Dairy Allergy vs Lactose Intolerance

Lactose is a sugar found only in milk. When we eat or drink lactose, it‘s broken down by an enzyme called lactase in the small intestine. Lactase is very important for babies who are entirely reliant on being able to digest their mother’s milk to get the energy they need to grow. Once we eat a full diet Lactase becomes less necessary, and lactase levels tend to fall naturally as we get older. Lactose intolerance symptoms are very rare in children under 6 (amongst whom cow’s milk protein allergy is more common) but get more and more common as we grow older. Lactose intolerance, which is different to lactose allergy, occurs when there is not enough of the enzyme to digest the milk properly.

If the lactose isn’t broken down by the intestine, it is broken down instead by bacteria living in the gut. This causes gas to build up in the gut leading to bloating, flatulence, abdominal discomfort and loose motions. Symptoms only occur if you consume lactose and they tend to be worse the more lactose you take in. Symptoms usually start several hours after eating or drinking anything containing lactose.

Lactose intolerance is often inherited, and amongst peoples of some ethnicities, lactose intolerance is essentially considered normal in adulthood, particularly in those cultures where milk does not feature much in the adult diet. For example, lactose intolerance occurs in between 80–100% of East Asian people and up to 90% of people in some parts of Africa. Conversely, lactose intolerance is much less common in Northern Europe.

Sometimes lactose intolerance occurs as a result of another illness which has damaged the lining of the bowel.
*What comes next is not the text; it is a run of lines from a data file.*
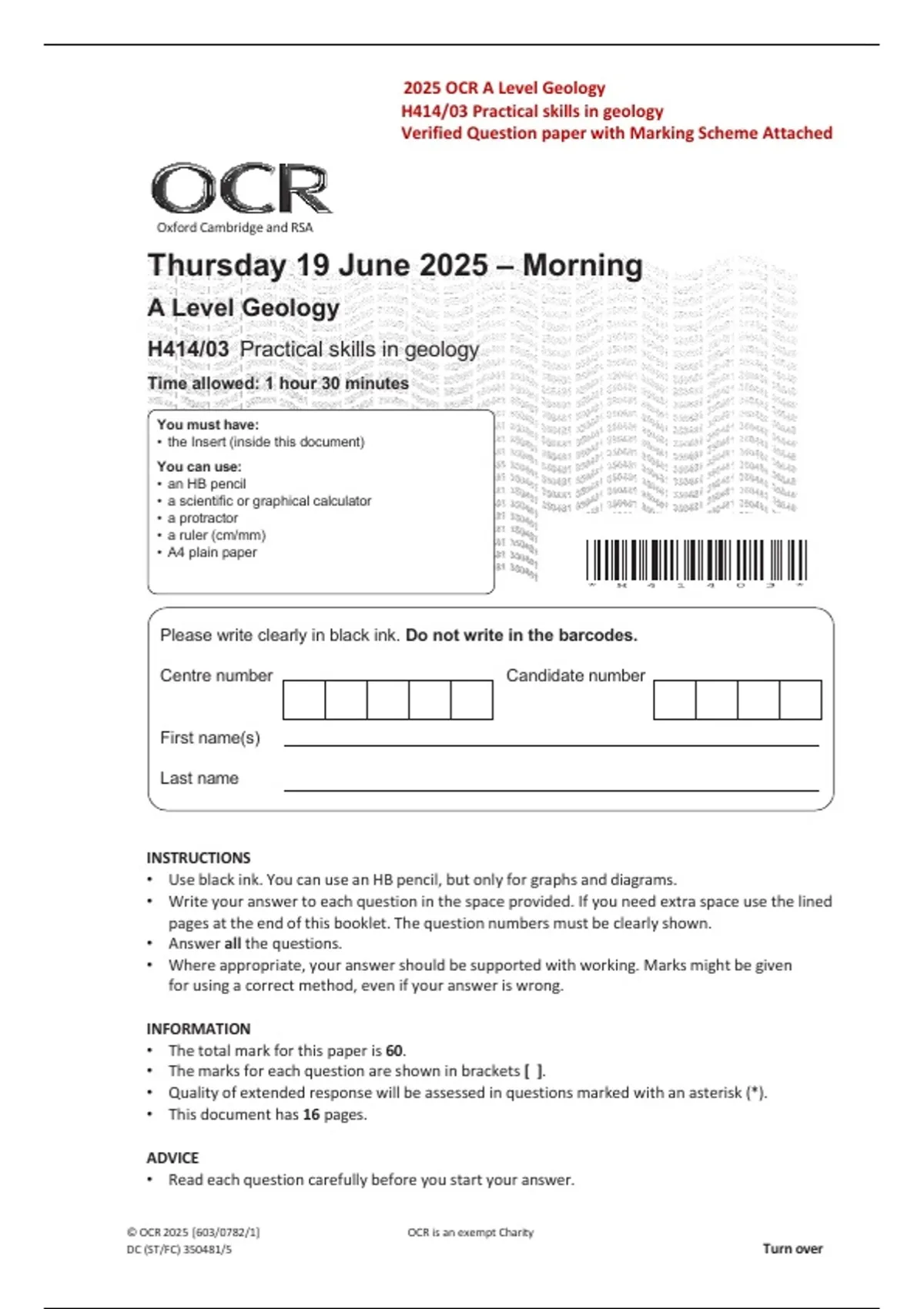 H414/03 Practical skills in geology
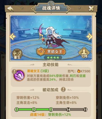 黑暗女王 - 高额直线穿刺伤害,2回合20%穿刺增伤,穿刺系强力战魂。
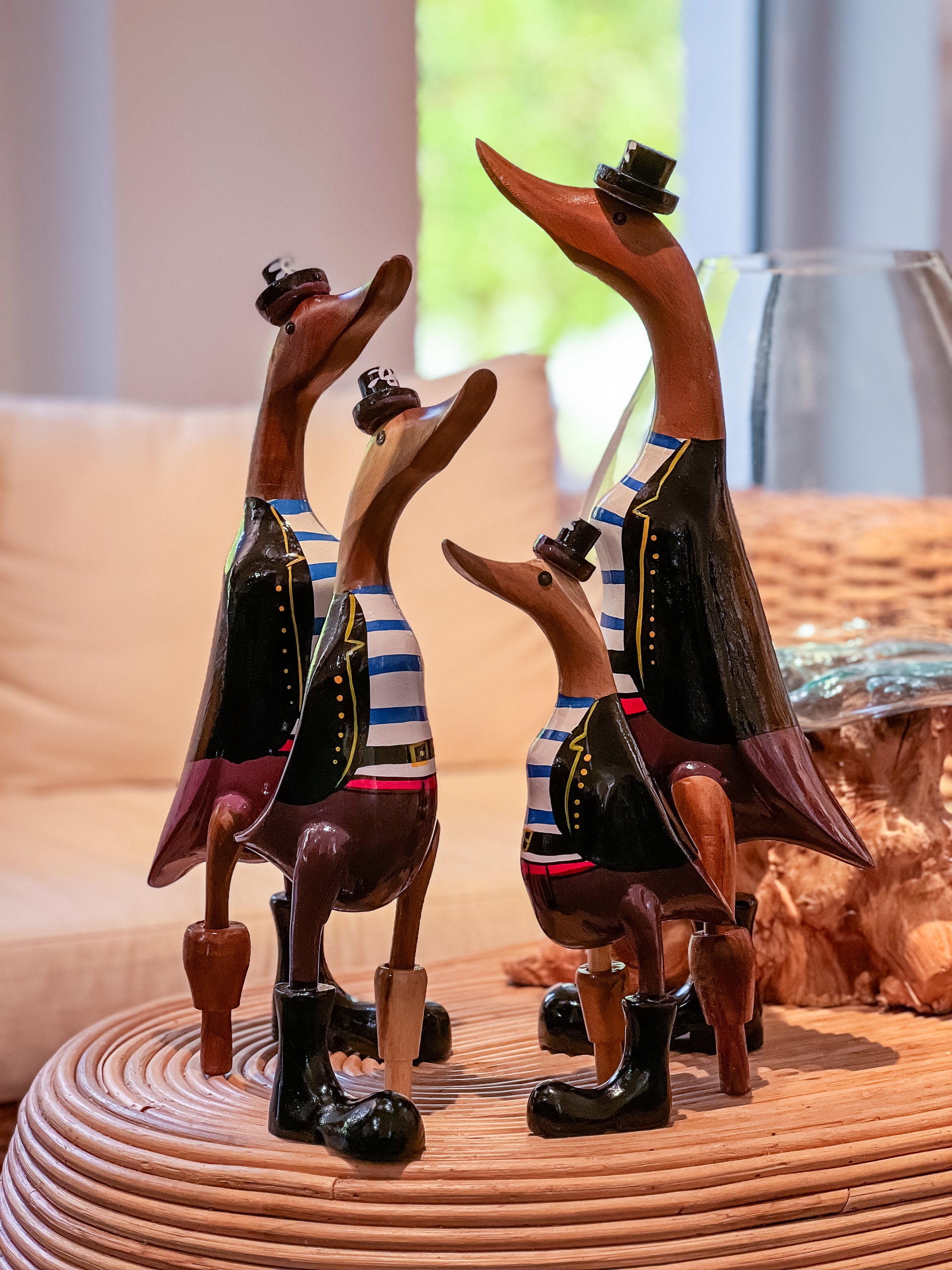 🦎Bringen Sie einen Hauch von Eleganz in Ihr Zuhause mit dieser schönen Holzentenfamilie aus Indonesien.
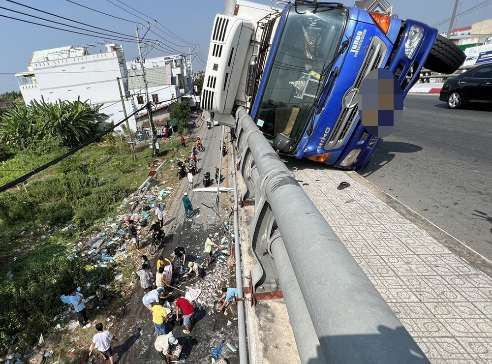 Lúc này, tài xế Út cố gắng tránh, chiếc xe tải bị chao đảo, va vào lan can rồi lật ngang. Tại hiện trường, thùng xe tải bị bung ra làm cá chim rơi xuống đường.
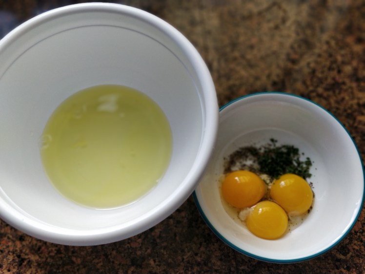 3. Add the salt and pepper to the yolk mixture along with the chives and basil and mix
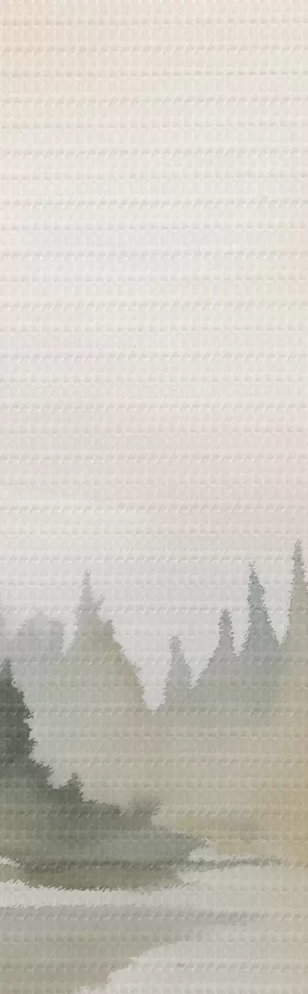 Okrągły obraz Mglisty las iglasty nad spokojną rzeką, styl akwarelowy Nr r46507
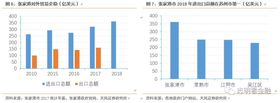 作为港口城市,张家港以外向型经济为主导。张家港市进出口总额经历了2016年小幅回落后,2017企稳回升,2018年进出口总额为361亿美元,位居苏州市行政区第一。

This is why people sometimes find that dairy products irritate their stomach for a few weeks following a bout of gastroenteritis. Diagnosis doesn’t usually require any tests. If you suspect you have lactose intolerance, you can try a 2 to 6 week trial of avoiding lactose during which time your symptoms should stop. After the trial, try eating or drinking something containing lactose and, if the symptoms recur, you can be confident that you are lactose intolerant. The difficulty is making sure that you avoid eating any lactose during the trial period because it can crop up unexpectedly in cakes, bread, snacks and even in the coating of some tablets.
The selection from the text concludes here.